Single-Serving Scream

Untitled, Russell Steven Powell acrylic on canvas, 11x14

Untitled, acrylic on canvas, 11×14

FEW RECENT INVENTIONS are as frivolous and wasteful as the single-serving coffee maker. One brand we found washed up on the beach far away from human traffic along the outer banks of the Cape Cod National Seashore last week had five parts: the outer plastic shell, the peel-away foil lid, and a heavy paper filter sandwiched between two plastic mesh disks. All for a single cup of coffee.

For what? Are we so busy and important that we cannot spare the few extra minutes to brew a cup using one of the myriad conventional coffee machines and systems?
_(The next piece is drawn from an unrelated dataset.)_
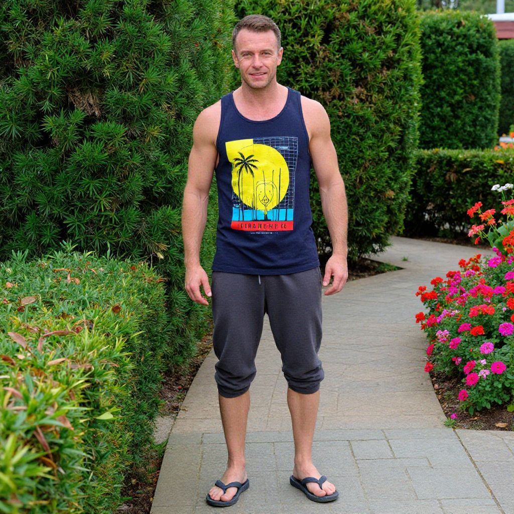 A man, graphic print muscle tank, bold colors, breathable cotton jogger shorts, charcoal gray, sporty flip-flops, relaxed summer look, lush green hedges, vibrant flower beds, winding stone pathways, technicolor analog film stock, cheerful expression. Man has masculine face and piercing eyes
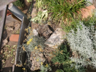 Außerdem habe ich größere Steine, Korkrinde und Wurzeln ins Gehege eingebracht, bewährt hat sich vor allem Kalksplitt, der in Kombination mit Deckung bietenden Pflanzen gerne von den Tieren zum morgendlichen Aufwärmen genutzt werden. Um eine zu schnelle Verunkrautung zu vermeiden, habe ich unter dem Kalksplitt ein Gartenflies ausgelegt.

Is our fix for caffeine (or simply a hot drink, since many of these are decaffeinated) so urgent, our narcissism so great?

It is no wonder that most of the rest of the world is skeptical or incredulous when Americans preach about air pollution, water quality, endangered species, or climate change. “Seriously?” they ask. “You want us to take responsibility for curbing unneeded garbage and waste when you proliferate senseless products like this?”

You would be doing better by the environment by pitching your single-serving coffee machine into the ocean rather than using it, adding these foul cups to the landscape or landfills one by one, drip by drip.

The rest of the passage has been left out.